Guest Posts, Activism, Racism

Thoughts From A Concerned US History Major

October 20, 2020
white

By Rita Serra

Imagine it’s October 17, 1989

The decade marked by Rubik’s Cubes, Ronald Reagan, Pac Man, and shoulder pads is rounding to a close. This was the year that brought Lean on Me, Field of Dreams and Spike Lee’s, Do the Right Thing to the silver screen. Perms rule the hair waves, while rock and pop still rule the airways.

You are cruising down the highway in your Honda Accord when the DJ’s deep, satin voice says, “Hot off the presses here is Billy Joel’s, “We Didn’t Start the Fire.”

The song is a snapshot series of headlines that chronicles 1949 to 1989. Before Joel lunches into the first chorus he stamps out the syllables, “Santayana Goodbye.” George Santayana was a poet, novelist, and philosopher who left the world with a slew of notable words including,

“those who cannot remember the past are doomed to repeat it.” Reason, 1905

I was raised in a small, coastal town in North Carolina. Before I’d grown tall enough to see over the kitchen counter, I was spellbound by the music of the 1960’s and 70’s, despite the fact that I was born in 1994. Seriously, in fourth grade I was baffled when the rest of my girl scout troop wanted to listen to The Scooby Doo soundtrack instead of The Who’s legendary rock-opera, Tommy, on our way to the aquarium.

I developed a strong interest in the collection of stories that comprise our nation’s history. Each fact, figure, and historical antidote I was taught felt like a puzzle piece. Together these treasured pieces, with their smoothed edges, inflated bubbles, and concave voids, formed the present-day picture. They explained why America is the way it is and helped me better understand my place in the world.

In my adolescent years, I believed the 1960’s were a magical time, only abound with love and guitar circles, capped off by Woodstock as the ultimate emblem of unity. But as I came of age, I sensed that something was off and ran to the books like a moth who caught sight of flickering candle through a cracked door.

I directed my core university studies to the social and political movements of 20th century America. I was riveted by the sheer volume of audacious political activism that marked the 1960’s with its mixed overtones of social commentary, call to action, and peaceful ethos.

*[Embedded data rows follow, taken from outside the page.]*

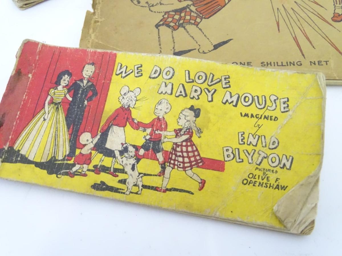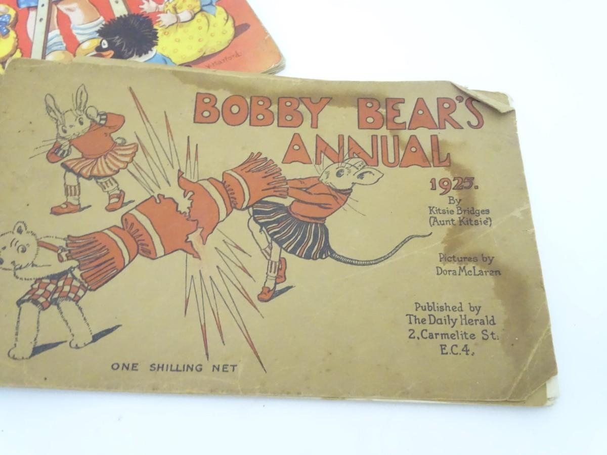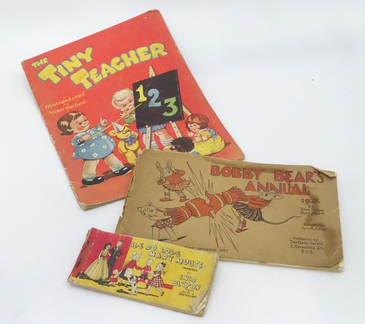 Three early 20thC children's books, Bobby Bears Annual 1925, We Do Love Mary Mouse, by Enid Blyton, and The Tiny Teacher by Violet Harford
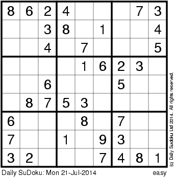 The Daily SuDoku: Mon 21-Jul-2014
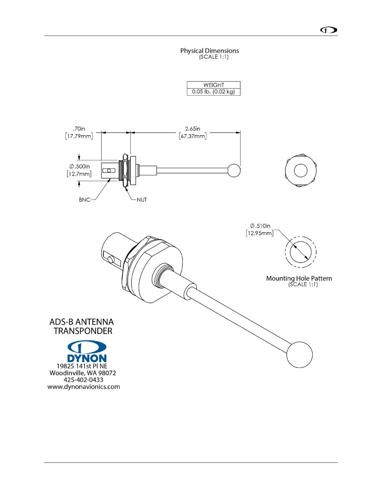 Figure 98: ADS-B Antenna Mounting Dimensions (Not to Scale)
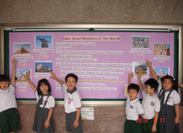小朋友認真的去了解世界七大奇蹟。
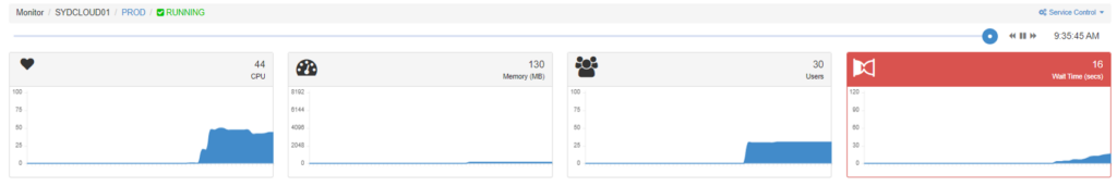In the Monitor, you can see some key KPIs about the instance (CPI, Memory, Users and Wait time):
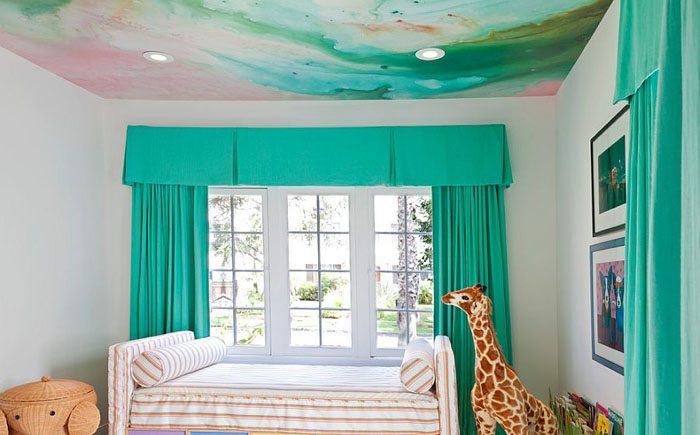 Возможно, звёздное небо не кажется слишком оригинальным решением, и в то же время не хочется ничего экстравагантного, тогда можно прибегнуть к простому трюку. Достаточно будет выбрать универсальный фон, который органично вписывается в любую тему. Дизайнеры предлагают несколько вариантов таких трансформаций. Самый простой — краска, не нужно недооценивать визуальный эффект красивого яркого потолка. Стоит отказаться от скучного белого цвета и выбрать оттенки, которые подчёркивают цветовую палитру комнаты и выбранную для неё тему. Сочетание чёрного и тёмно-серого может стать потрясающим. Пастельные тона, полоски тоже изменять потолок до неузнаваемости, сделав его стильным и уникальным.
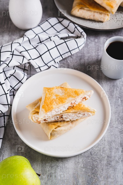 Творог и яблоко, завернутые в жареный лаваш на тарелке на столе вертикальный вид
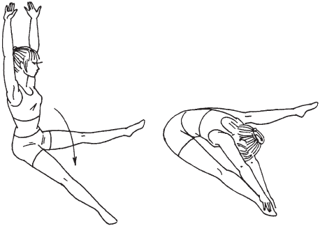 Рис. 95. Упражнение 5 6. Исходное положение: сидя на полу, упершись руками в пол за спиной, ноги разведены. Выполняйте наклоны вперед, стараясь коснуться пальцами носков, после чего вернитесь в исходное положение (рис. 96). Повторите упражнение 5–7 раз.
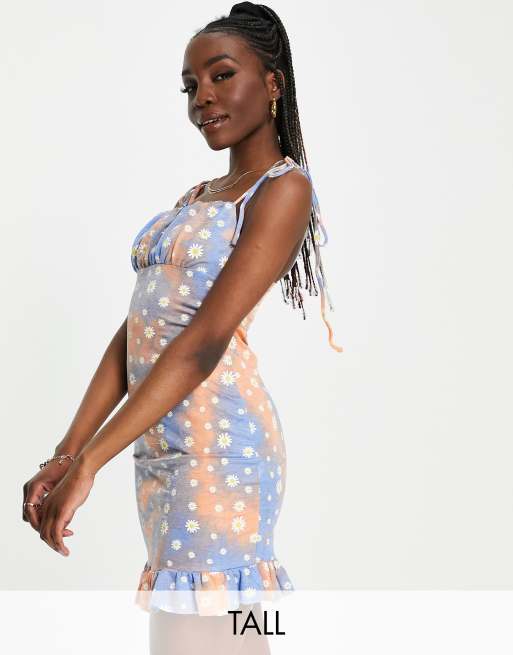 Urban Threads Tall - Minikjole med bindestropper, ombre-effekt og marguerit-print
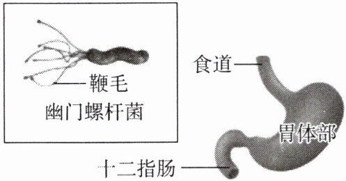 (1)如图所示,幽门螺杆菌进入胃后,可以依靠其____(填结构名称)在胃内自由运动。
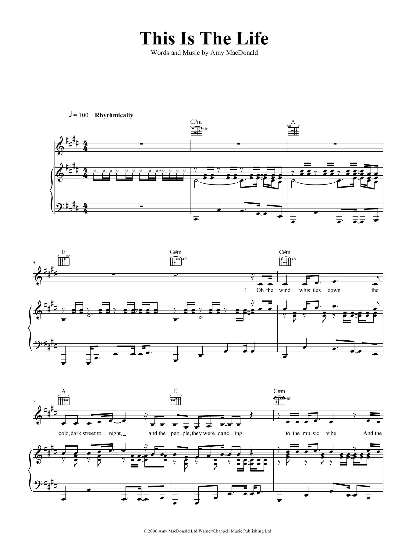 Download or print Amy MacDonald This Is The Life sheet music, chords and digital score arranged for Piano, Vocal & Guitar Chords (Right-Hand Melody). This Pop score includes 6 page(s).
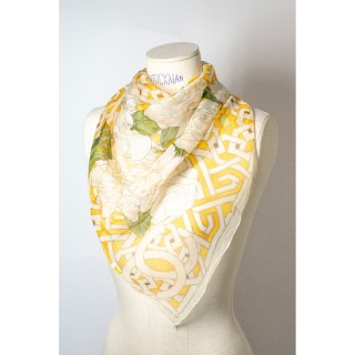 CHANEL CARRÉ en mousseline de soie imprimée à décor de sigles, camélias et motifs géométriques sur fond bouton d'or
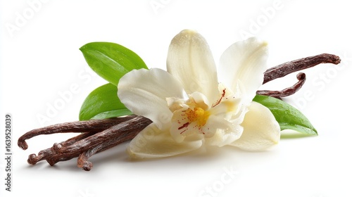 A 4K photo of fresh aroma orchid vanilla isolated on white background.
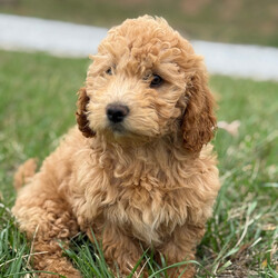 Hi, I'm Darby! I'm a 13-week-old male Goldendoodle. My dad is a Poodle and my mom is a Goldendoodle. I have a beautiful apricot coat, and I was born on December 22. I am ready now to plan my trip to my forever family. I'm ICA registered. I love to run and roll around outside. But, my favorite thing to do after a long day at play is to snuggle up on the couch next to my family and sleep as they pet my head.
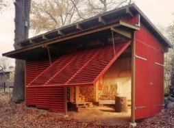 Warto zaczerpnąć z tych wzorów przy projektowaniu drewutni. Drewutnie amerykańskie, Firewood Shed Nie wiem kto zaczął, wiem dlaczego, tak najkrócej można zakotwiczyć historię amerykańskich drewutni. Mieszanina narodowości i co za tym idzie tradycji, kumulacja energii, pomysłowości ludzi zdanych tylko na siebie, ale czujących, że są na swoim, obrodziła wieloma wzorami drewutni. Powszechnie dostępne drewno, a przy tym tanie paliwo, wymagało przygotowania i odpowiedniego zabezpieczenia na surowe zimy. Bez tego nie dałoby się przeżyć. Z wielu pomysłów niektóre bardziej wpadały w oko, były bardziej praktyczne i z czasem zaczęto je powtarzać. W odróżnieniu od fińskich amerykańskie drewutnie są znacznie szersze. Te starsze wzory najlepiej obrazuje poniższa makieta.
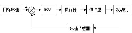 如圖3,操作人員根據(jù)工作意圖,設(shè)定相應(yīng)的開關(guān)及電位器狀態(tài),從而設(shè)定電調(diào)ECU當(dāng)前需要讓系統(tǒng)工作的目標(biāo)轉(zhuǎn)速。ECU通過轉(zhuǎn)速傳感器獲取轉(zhuǎn)速并與當(dāng)前目標(biāo)轉(zhuǎn)速值比較,并與當(dāng)前執(zhí)行器允許的最大允許位置比較,從而確定執(zhí)行器此時應(yīng)該所在的位置并驅(qū)動其到達(dá)。執(zhí)行器位置對應(yīng)的是油泵的供油量,其變化直接影響的是油泵的供油量,而供油量的變化將決定發(fā)動機轉(zhuǎn)速狀態(tài),當(dāng)前這一轉(zhuǎn)速又通過轉(zhuǎn)速傳感器反饋給ECU做及時控制的判斷依據(jù)。
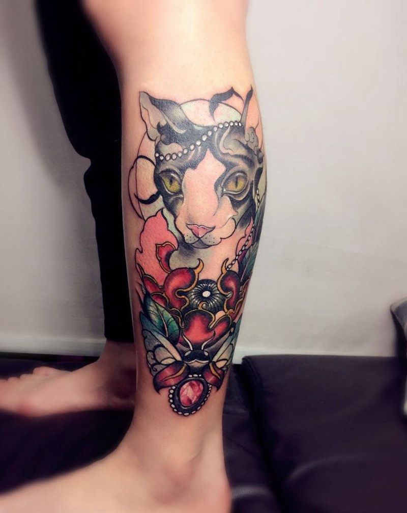 • T网红王老大花腿龙纹身图片_腿部新传统纹身图案
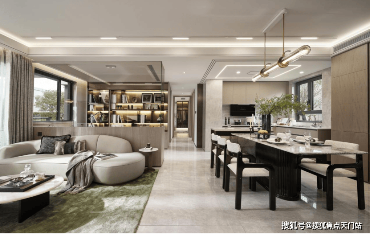 问题。厨房、餐厅、客厅三大空间联通,不仅通透感十足,还构建了一个利用率超高的家庭核心区,在这样高度开放的空间里,即使互不交流,也能保持交流和关注!
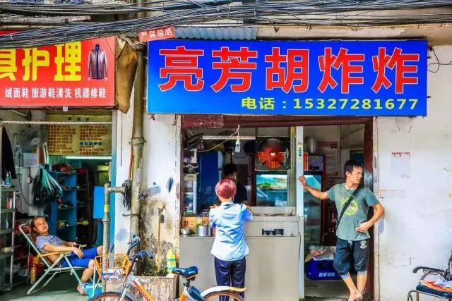 凯德广场对面的巷子里进去大概200米,有一家亮芳胡炸炸,虽然没有居仁门炸炸名气大,但住在这块的人吃得更多。老板是一对夫妻,一开始的时候没有菜单,都是看着菜点。
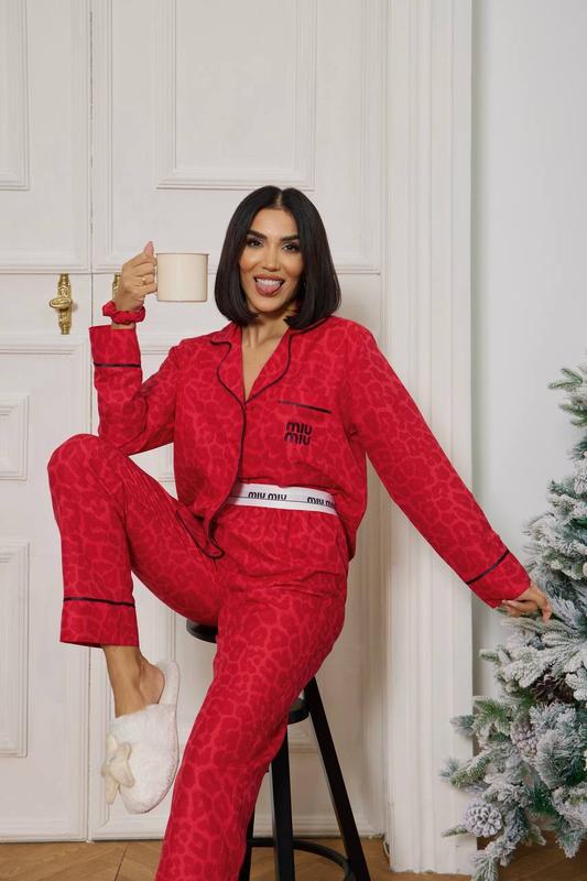 ⭐️ хлопково/сатиновые пижамы miu miu рубашка и брюки в 5 цветах ⭐️
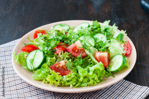 Tomato and cucumber salad with lettuce leafes
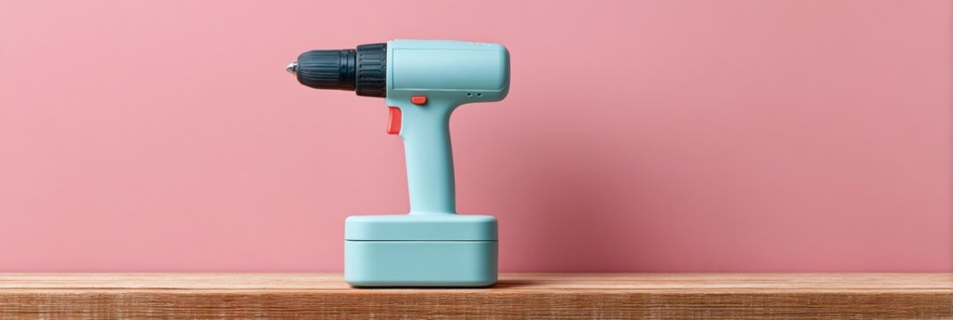 High-Quality Cordless Power Drill with 18V Lithium-Ion Battery on Wooden Surface Modern Tool for Professional Construction and DIY Marketing Content
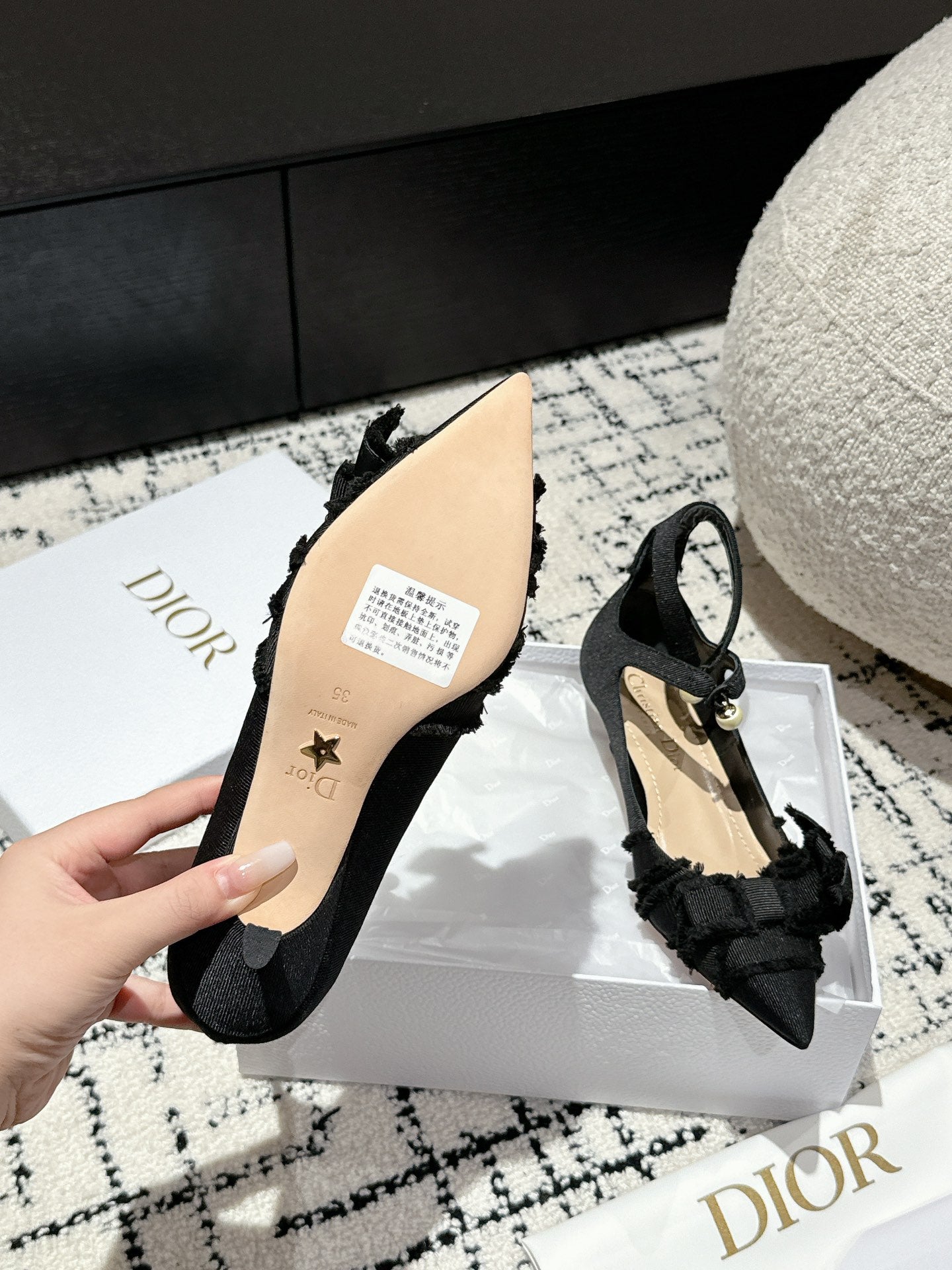CD Adiorable pump 45 Black Fringed Grosgrain
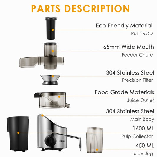 Juicer Machine, AICOOK Slow Masticating Extractor without Metal Filters, Easy to Clean, 3 Mode Adjustment Extrusion&Juice Pulp Controllable, Anti-Drip, Ice Cream&Recipes for Vegetables and Fruits

By 1969 the American Indian, Anti-war, Civil Rights, Gay Liberation and Women’s Liberation Movements were all in full force. These marginalized groups of citizens showed they had, had enough through; boycotts, burned flags, flower power, marches, legislative changes, long hair, occupied federal land, overtly-politicized music, protests, rallies, speeches, strikes, strategic violence, sit-in’s, and walkouts. They were met by vehement opposition and faced arrests, bombings, beatings, death threats, hate mobs, police brutality, fire hoses, tear gas, and K-9 units.

It was not until I studied history on the university level that I came to the stunning realization; the curriculum taught during our most formative years in primary schools is a whitewashed version of history that omits critical pieces of the US history puzzle, especially regarding black citizen’s plight to obtain equal rights.

As I peeled back the layers, I uncovered that Woodstock’s idyllic legacy of, “three days of peace, love, and music” overshadowed the reality that this was the most divisive, violent, and socially-volatile decade in our nation’s history.

My quest for knowledge culminated to a twenty-five-page history thesis entitled, “Shattering the Myth of Woodstock” in which I discussed all of the ways this event was the antithesis of the decade it came to symbolize and discovered the path to revolution has many lanes.

The first time I sat in front of my Victrola and listened to a vinyl record after I submitted my thesis I nearly cried. I took this event, this hopeful idea, this guiding principle that I had shaped part of my belief system around, and marred it. I took something I regarded as a beautiful and holy and made it ugly by ripping off the mask and uncovering the truth.

However, I have never regretted my decision to shatter Woodstock because I gained solace and an emboldened sense of security knowing that I possessed the truth. I came to the realization that knowing and seeing the truth is more beautiful than the vision we create.

The era I once loved for the music was now the era I deeply respected for the courage it took to change the world on societal, cultural, and legislative levels. Most people believe that after a law is passed, the problem is solved. The unfortunate truth is that changing the law does not change society’s views or instantly alter cultural biases. Generations of black citizens learned first-hand that legal “victories” were often followed by languid change, staunch backlash and a slew of new hurdles to overcome.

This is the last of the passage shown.